The default of a single timing log (query took 312ms) tells you the total but not the split. Here is the same request as an uninstrumented log versus what you actually need:

2026-06-20T11:04:22Z  search  q="wireless headphones"  total=312ms  hits=240

That 312ms could be 30ms of engine time and 270ms of reranking, or the reverse — the log cannot say. The fix is structured spans whose durations are nested under one parent, so the trace viewer renders a waterfall and the largest self-time span names the culprit. Spans also carry attributes, so you can filter to “slow queries with zero hits” or “queries where took_ms is fine but the parent span is not” — the two signatures that separate an engine problem from a service problem.

Solution Steps

1. Configure the tracer, meter, and OTLP export

Set up the SDK once at process start. Both a TracerProvider (spans) and a MeterProvider (the latency histogram) export over OTLP to the collector.

# telemetry.py — one-time SDK bootstrap
from opentelemetry import trace, metrics
from opentelemetry.sdk.resources import Resource
from opentelemetry.sdk.trace import TracerProvider
from opentelemetry.sdk.trace.export import BatchSpanProcessor
from opentelemetry.sdk.metrics import MeterProvider
from opentelemetry.sdk.metrics.export import PeriodicExportingMetricReader
from opentelemetry.exporter.otlp.proto.grpc.trace_exporter import OTLPSpanExporter
from opentelemetry.exporter.otlp.proto.grpc.metric_exporter import OTLPMetricExporter

resource = Resource.create({"service.name": "search-query-api"})

# traces -> OTLP gRPC collector
tp = TracerProvider(resource=resource)
tp.add_span_processor(BatchSpanProcessor(
    OTLPSpanExporter(endpoint="otel-collector:4317", insecure=True)))
trace.set_tracer_provider(tp)

# metrics -> same collector, flushed every 10s
reader = PeriodicExportingMetricReader(
    OTLPMetricExporter(endpoint="otel-collector:4317", insecure=True),
    export_interval_millis=10_000)
metrics.set_meter_provider(MeterProvider(resource=resource, metric_readers=[reader]))

tracer = trace.get_tracer("search.query")
meter = metrics.get_meter("search.query")

# explicit buckets must straddle your latency SLO threshold (here ~150ms)
query_latency = meter.create_histogram("search.query.latency", unit="ms")

2. Wrap the query path in nested spans

One parent span per request; child spans for each stage. Record attributes on the parent so a single span carries the full request shape.
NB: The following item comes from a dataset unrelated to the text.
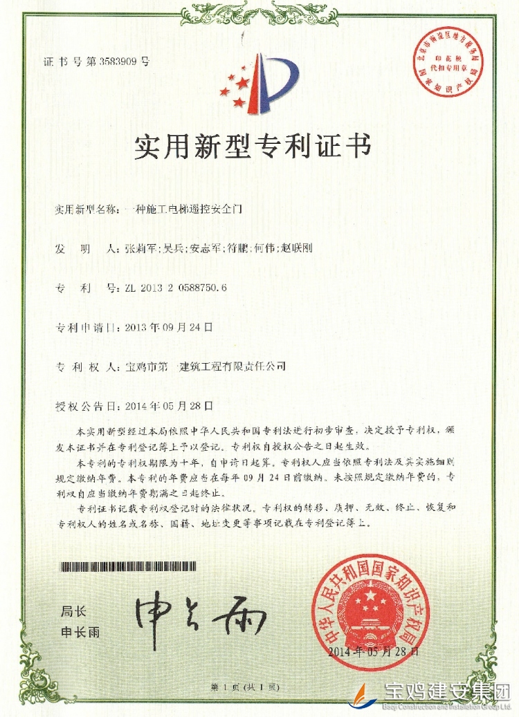 A kind of remote control safety door of construction elevator

# search.py — spans for parse -> engine -> rerank -> render
from opentelemetry import trace
from telemetry import tracer, query_latency
import time, httpx

def handle_search(raw_q: str, query_class: str = "search"):
    start = time.perf_counter()
    with tracer.start_as_current_span("search.request") as root:
        with tracer.start_as_current_span("parse"):
            parsed = build_engine_query(raw_q)   # tokenize, apply filters

        with tracer.start_as_current_span("engine.query") as eng:
            resp = httpx.post("http://localhost:9200/_search", json=parsed).json()
            took = resp.get("took", 0)           # engine-reported ms
            hits = resp["hits"]["total"]["value"]
            eng.set_attribute("engine.took_ms", took)   # engine time only

        with tracer.start_as_current_span("rerank"):
            ranked = rerank(resp["hits"]["hits"])       # custom scoring pass

        with tracer.start_as_current_span("render"):
            payload = to_response(ranked)
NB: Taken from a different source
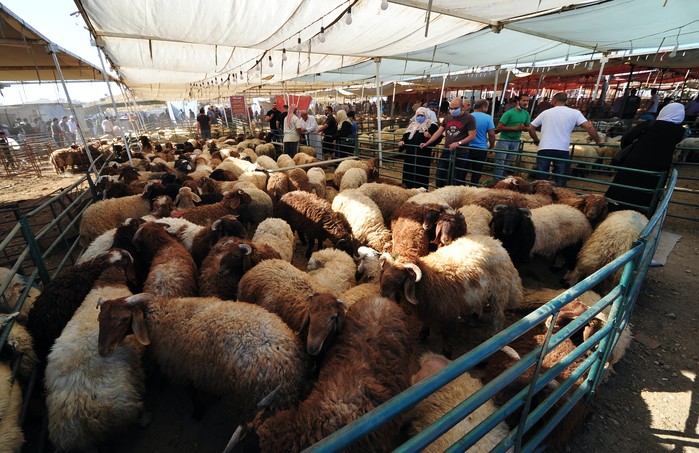 (프레스뉴스)채정병 특파원=이슬람의 율법에 따라 양을 잡는 '이드 알 아드하' 명절 아침, 도심의 한 양시장이 북적이고 있다.

        latency_ms = (time.perf_counter() - start) * 1000
        # attributes: keep query as a low-cardinality hash if PII is a concern
        attrs = {"query.class": query_class, "hit_count": hits}
        root.set_attribute("query", raw_q)
        root.set_attribute("hit_count", hits)
        root.set_attribute("engine.took_ms", took)
        query_latency.record(latency_ms, attrs)   # histogram for p50/p95/p99
        return payload

The same shape in Node uses the @opentelemetry/api tracer with tracer.startActiveSpan; the span names and attributes stay identical so dashboards are portable across services.
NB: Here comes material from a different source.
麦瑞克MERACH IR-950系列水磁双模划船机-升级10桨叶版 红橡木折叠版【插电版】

// search.js — equivalent nested spans (Node SDK)
const { trace } = require('@opentelemetry/api');
const tracer = trace.getTracer('search.query');

async function handleSearch(rawQ) {
  return tracer.startActiveSpan('search.request', async (root) => {
    const parsed = await tracer.startActiveSpan('parse', (s) => {
      const p = buildEngineQuery(rawQ); s.end(); return p;
    });
    const resp = await tracer.startActiveSpan('engine.query', async (s) => {
      const r = await engineSearch(parsed);
      s.setAttribute('engine.took_ms', r.took); s.end(); return r;
    });
    root.setAttribute('hit_count', resp.hits.total.value);
    root.end();
    return toResponse(resp);
  });
}

3. Run a collector to receive OTLP

The collector terminates OTLP and re-exports to your backends. This minimal config accepts gRPC + HTTP and exposes metrics for Prometheus to scrape.

# otel-collector.yaml
receivers:
  otlp:
    protocols:
      grpc: { endpoint: 0.0.0.0:4317 }
      http: { endpoint: 0.0.0.0:4318 }
exporters:
  prometheus: { endpoint: 0.0.0.0:8889 }   # scrape target for metrics
  otlphttp/traces: { endpoint: http://tempo:4318 }
service:
  pipelines:
    traces:  { receivers: [otlp], exporters: [otlphttp/traces] }
    metrics: { receivers: [otlp], exporters: [prometheus] }
# start the collector
docker run --rm -p 4317:4317 -p 4318:4318 -p 8889:8889 \
  -v "$PWD/otel-collector.yaml":/etc/otel/config.yaml \
  otel/opentelemetry-collector-contrib --config /etc/otel/config.yaml

Verification

Send one query, then confirm both the trace and the histogram landed.

# 1) drive a request through the instrumented path
curl -s -X POST localhost:8000/search -d '{"q":"wireless headphones"}'
# 2) the histogram must appear at the collector's Prometheus endpoint
curl -s localhost:8889/metrics | grep search_query_latency_ms_count
# expected: search_query_latency_ms_count{query_class="search"} 1
# 3) the trace must have all four child spans under one trace_id
curl -s 'localhost:3200/api/search?tags=service.name%3Dsearch-query-api' \
  | jq '.traces[0].spanSets[0].spans | length'
# expected: 4  (parse, engine.query, rerank, render)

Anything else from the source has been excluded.